# Are 3D printed objects aquarium safe?



## Merriallynchian (Apr 25, 2017)

This may be kind of a futuristic question ahead of its time but are 3D printed objects aquarium safe?

I'm not sure if anyone here has a 3D printer or might know the answer?

Thanks.


----------



## Darkblade48 (Jan 4, 2008)

What kind of material are you using? 

Generally, I would consider PLA and ABS to be safe, but the larger problem would be that printed parts would tend to float due to non-100% infill


----------



## Merriallynchian (Apr 25, 2017)

Darkblade48 said:


> What kind of material are you using?
> 
> Generally, I would consider PLA and ABS to be safe, but the larger problem would be that printed parts would tend to float due to non-100% infill


I am still in the process of putting the 3D printer together. It came in like a thousand pieces. I have both the PLA and ABS. 

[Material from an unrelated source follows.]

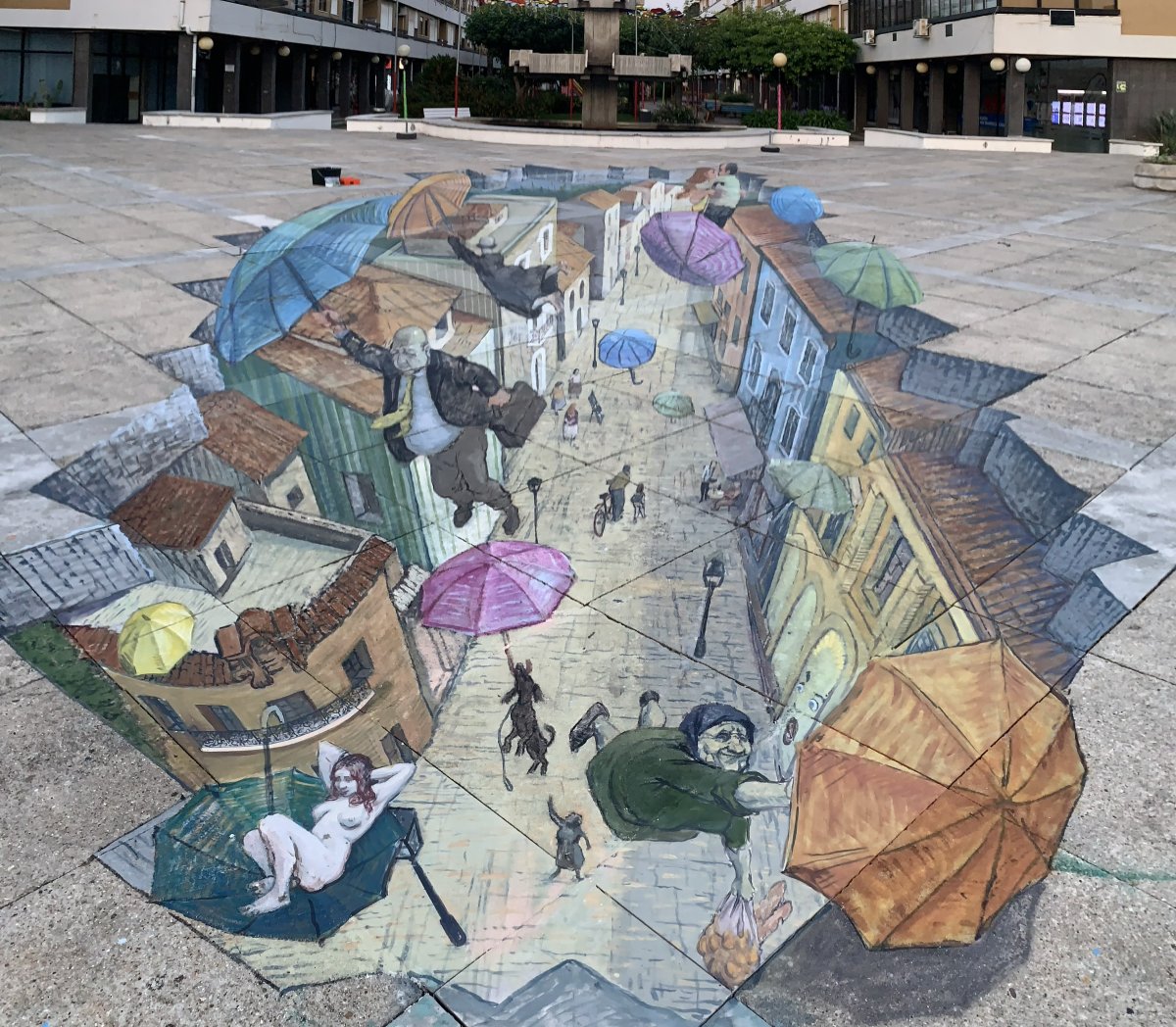 Na altura, eu não conhecia muito bem o anamorfismo. Sabia a teoria, mas nunca a tinha praticado. E, a partir deste primeiro trabalho, nunca mais parei de fazer isto. Antes fazia um trabalho clássico pela minha formação de artista. Também estudei arquitetura. Mas esta técnica permitiu desenvolver-me enquanto artista. Através dela, posso fazer aquilo que gosto, desde a sátira social ao retrato da condição humana.

My understanding is that the ABS can deteriorate and the PLA is the more durable plastic but harder to print with. 

My fish feeder for my the betta throws food all over the lid and the floor. Only like 10% of the food actually goes in the tank. 

I purchased a small funnel on ebay and I was thinking of printed a stand for it. 

Then moving on to bigger and more complex projects. 

Do you have a 3D printer?


----------



## Darkblade48 (Jan 4, 2008)

Merriallynchian said:


> My understanding is that the ABS can deteriorate and the PLA is the more durable plastic but harder to print with.


Deterioration of both materials is probably on the order of years, so I would not worry too much about that. PLA is much easier to print, compared to ABS.



Merriallynchian said:


> Do you have a 3D printer?


I do; it's a homebuilt variant of the Prusa i3.


----------



## Malakian (Aug 23, 2014)

I own a 3D printer. PLA is a organic plastic and is food safe, I believe it's made from corn. PETG I have used several times myself, no issues. ABS shouldn't not pose much of a issue, but this is probably the most toxic plastic of the "standards" in 3D printers. Also can be a pain in the butt to print with, warps with the slightest breeze/temperature difference. Derivative from crude oil. Smells nasty when printing, and fumes are somewhat toxic. But I use PETG instead, it's super though more so than ABS, prints more like PLA and doesn't smell. ABS is less brittle (bends before breaking) and can tolerate higher heat though.

PLA will "rot" away, but how long it last in water, I'm not sure. Most likely years. As for the floating part, either use 100% infill or 0% infill, with 0% just leave two small unnoticeable holes in the print and it will fill with water.

PS: ABS can be acetone smoothed to get parts 100% watertight, great for hose connections.

Printer: Heavily modified/upgraded Rigibot.

Here's a little yoda bust printed at 0.14mm layer height (can go as low as 0.05mm, but print time is atrocious), 0% infill in Green PETG 

http://imgur.com/a/N7Wea


----------



## Vohlk (Apr 8, 2016)

PLA has a lower melting point, something to consider if you plan on using your pieces close to your lights (if your lights get hot the PLA will be more likely to deform). Also if you are doing dual extrusion I would not use PVA, because PVA is water soluble. (I assume you already knew that but hey, better safe than sorry)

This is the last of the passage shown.